This is an old issue, see: 
https://groups.google.com/forum/#!topic/theano-users/Q9tD4Af_7ho


On Friday, November 11, 2016 at 10:07:22 AM UTC-8, Amin Farajian wrote:
>
> Hi Fred,
> I just followed your suggestion and hard coded the changes in my Theano 
> package, and ran multiple experiments with the same settings. What I 
> observed is that, after applying this patch, the non-determinism reduces to 
> only 2 cases but does not completely disappear.  In other words, before 
> applying the changes, each experiment would end up with a different cost, 
> while now there are only 2 points that each of the experiments end up. So, 
> the behavior is more deterministic, but not 100%. 

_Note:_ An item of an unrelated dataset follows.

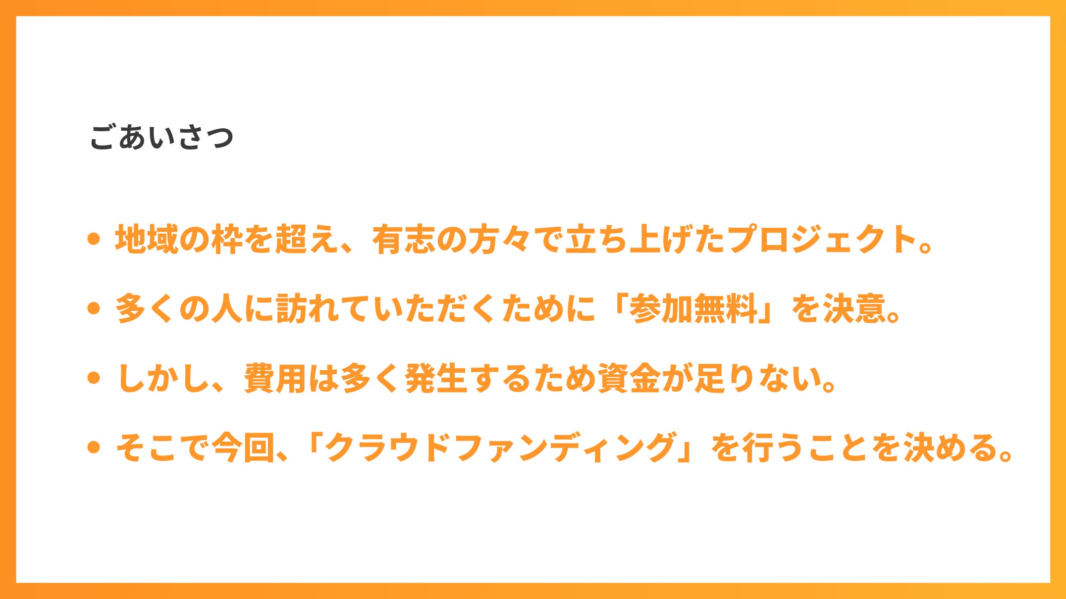このイベントは、単なるお祭りではありません。私たちの地域が直面する問題を解決するための一歩として、私たちの町を盛り上げるために、皆さんの力を借りたいと思っています。

> Thanks to Ozan Çağlayan <https://github.com/ozancaglayan>, I found that 
> to solve the issue completely (at least for my case), I need to have a 
> recent version of Theano in which the following changes are applied (in 
> theano/scan_module/scan_op.py):
> scan/scan_op: Convert known_grads to OrderedDict 
> <https://github.com/Theano/Theano/commit/8769382ff661aab15dda474a4c74456037f73cc6>
> One can also manually change  theano/scan_module/scan_op.py according to 
> what is described in the above link.
>
> I still have not performed any real experiment (with large data sets and 
> large number of iterations) using this modification; but it sounds 
> promising. At least in 18 runs (on my toy example) I got exactly the same 
> cost after fixed number updates, while before they would differ.
> So, while my heavier experiments are running, I would like to start 
> working on introducing the *deterministic* flag to theano, in order to 
> avoid hard coding the changes, and also have the option to run different 
> experiments with different determinism behavior.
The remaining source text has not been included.